А  Б  В  Г  Д  Е  Ж  З  И  Й  К  Л  М  Н  О  П  Р  С  Т  У  Ф  Х  Ц  Ч  Ш  Щ  Э  Ю  Я  

 

— У меня вон тоже дед был… С ума сойдешь, пока слушаешь, что он городит. И все о прошлом, как было, как жили, что ели…
— Терпи! — с веселым облегчением посоветовала медсестричка. — Иди теперь к Парамонову. Он не такой трепливый, отдохнешь.
Квартирка Парамонова в отличие от тех, что видела прежде, отличалась аскетизмом. В ней стояла явно казенная деревянная кровать, двухтумбовый стол с задвинутым под него стулом. За стеклом книжного шкафа поблескивали корешки солидных томов энциклопедий сочинений Маркса-Энгельса, Ленина и Сталина. На стене распахнули крылья почетные грамоты за трудовые достижения и общественную деятельность, датированные пятидесятыми-шестидесятыми годами. На столе, вставленный в горлышко флакона из-под какого-то лекарства, торчал красный флажок.
Еще я успела заметить в прихожей справа, за полуотодвинутой «ходячей» дверцей шкафа — аккуратно распяленный на плечиках темный пиджак в блеске орденов, медалей и значков, свидетельствующих о том, что хозяин — заслуженный человек, ветеран Великой Отечественной войны.
Убрать такую полупустую комнату с дешевеньким будильником на тумбочке не составляло труда. Изредка я ловила краем глаза, как мерно прохаживающийся по лоджии лысый округлый старик приостанавливался у открытой двери и смотрел на мою суету. И только тогда, когда я, захватив все свои причиндалы, собралась уходить — он появился вдруг, словно выкатился, до того внушителен был его живот, и ноги под ним скорее угадывались, чем виделись.
— Новенькая? — прихмурил черные, широкие, истинно брежневские брови.
— Ага…
— На трудовую вахту, значит?
— Ага…
— Замужем?
— Была.
— Что ж за причина, что одна?
— Пил.
— Беда с мужиками, беда! Сама-то московская?
— Нет, из Воркуты…
— Опять, значит, Виктор Петрович ослаб сердцем и пригрел… Мы, актив, поддерживаем такую его инициативу.

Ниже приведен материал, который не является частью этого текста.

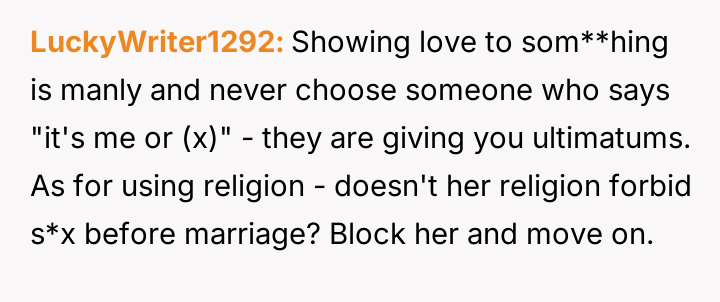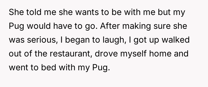 The original poster (OP) faced an ultimatum: maintain their relationship or keep their beloved pet pug, stemming from a conflict between their es**blished life (including their dog) and the new partner's religious and cultural views regarding dogs as unclean.

Я отворила дверь, чтобы выйти. Но старик, как комиссар Коломбо, поднял вверх ладонь, позвал:
— Погодите! Почему не учитесь? Уборщицей быть — последнее дело в молодые-то годы.
— Осмотрюсь когда… потом… надо сначала к Москве хоть краешком прилепиться… А вы москвич? — дернуло меня поинтересоваться.
— Нет. А что? — толстячок вскинул голову с неким горделивым вызовом. — Мне сделано исключение. Я проработал сорок лет на руководящей работе в провинции!
— Тоже на северах? — спросила по-овечьи кротко.
— Нет, на Дальнем Востоке. Радиокомитет… студия документальных фильмов… телевидение… Куда направляла партия, туда и шел. Где требовалось преодолевать трудности, там и годился. Не роптал. Наше поколение не умело роптать. Это теперь нас принято выставлять в самом черном или смешном свете. Но мы родину не предавали, как эти… нынешние… Прямо говорю, по-солдатски! Помню, надо было брать сопку на Сахалине, а японцы…
Он мог говорить только о себе. Он хотел целиком находиться в прошлом и не позволял себе из него выпасть. Он как носитель информации был для меня бесполезен. Так я решила, убираясь прочь из его квартирки, где пахло кабинетом, а не жильем, а в пепельнице-ракушке скрючилась докуренная до основания «беломорина».
— Позволяю себе две папиросы в день, утром и вечером, — ввел меня в курс Парамонов. — Но больше — ни-ни. Надо поберечь здоровьишко — сел за мемуары. Ест что сказать, есть… будущим поколениям!
Я успела в срок убрать все пятнадцать комнат. Мне встретились в них и такие старушки-старички, что вовсе не были расположены к разговорам. Они, видимо, совсем смирились с собственным одиночеством и приноровились отмахиваться от мыслей о нем кто книгой кто газетой или журналом. Сидели, шуршали сухими листочками. От них мне никакого проку не было.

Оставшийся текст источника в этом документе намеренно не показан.